What you should do: There are pictures in the records below; leave them out and set down exactly the lines from the one holding "The Congress is" through the one holding "Still travelling in".

Task input:
▼

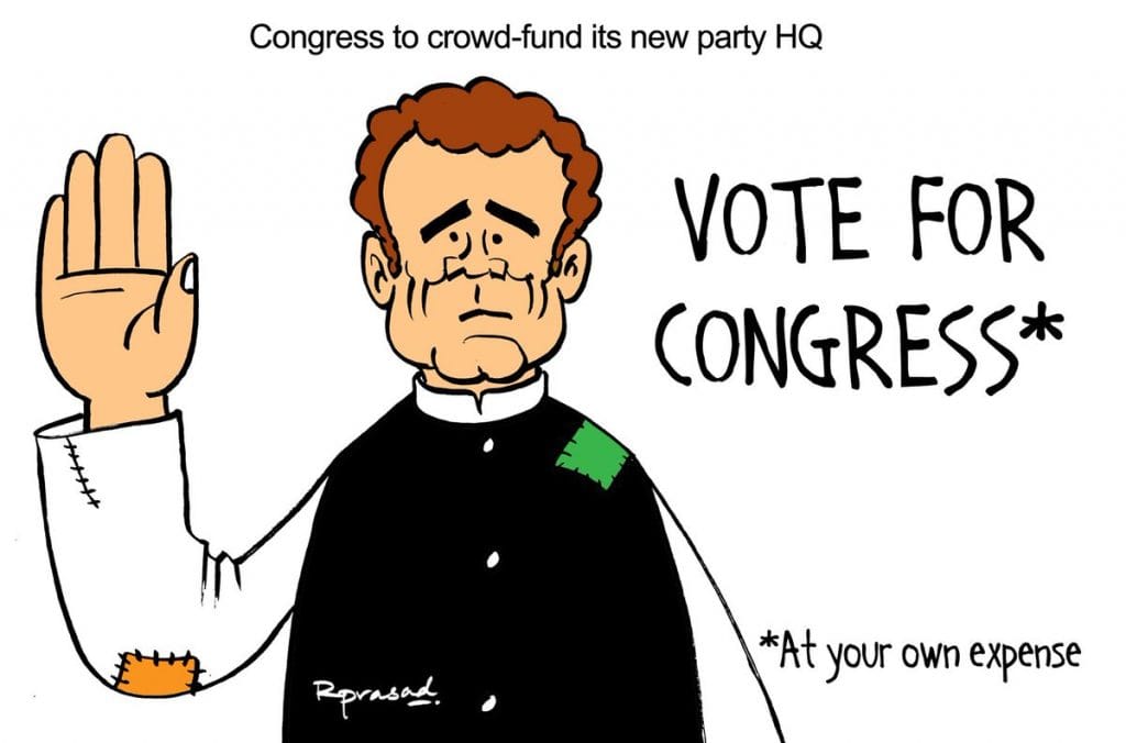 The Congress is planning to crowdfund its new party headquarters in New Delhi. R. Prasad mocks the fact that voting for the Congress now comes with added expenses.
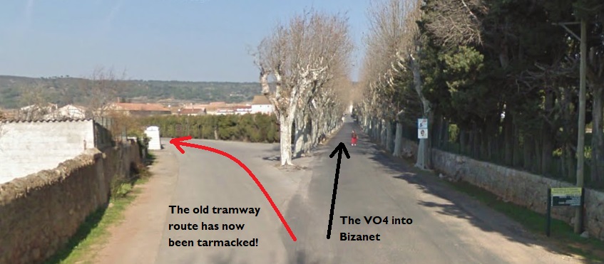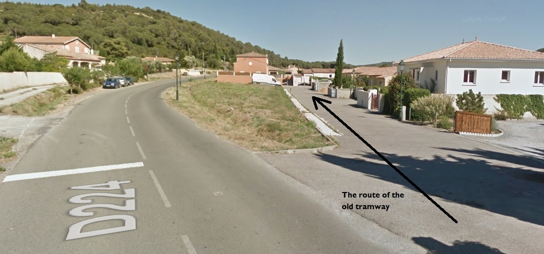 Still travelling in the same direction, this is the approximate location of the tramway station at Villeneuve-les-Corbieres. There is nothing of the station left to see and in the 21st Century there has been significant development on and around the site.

▲
▼

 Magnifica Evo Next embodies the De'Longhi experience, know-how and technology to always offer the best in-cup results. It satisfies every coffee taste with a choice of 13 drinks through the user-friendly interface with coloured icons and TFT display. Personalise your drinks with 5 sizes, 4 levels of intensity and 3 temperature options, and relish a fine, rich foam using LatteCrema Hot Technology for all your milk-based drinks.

▲

Written answer:
 The Congress is planning to crowdfund its new party headquarters in New Delhi. R. Prasad mocks the fact that voting for the Congress now comes with added expenses.
 Still travelling in the same direction, this is the approximate location of the tramway station at Villeneuve-les-Corbieres. There is nothing of the station left to see and in the 21st Century there has been significant development on and around the site.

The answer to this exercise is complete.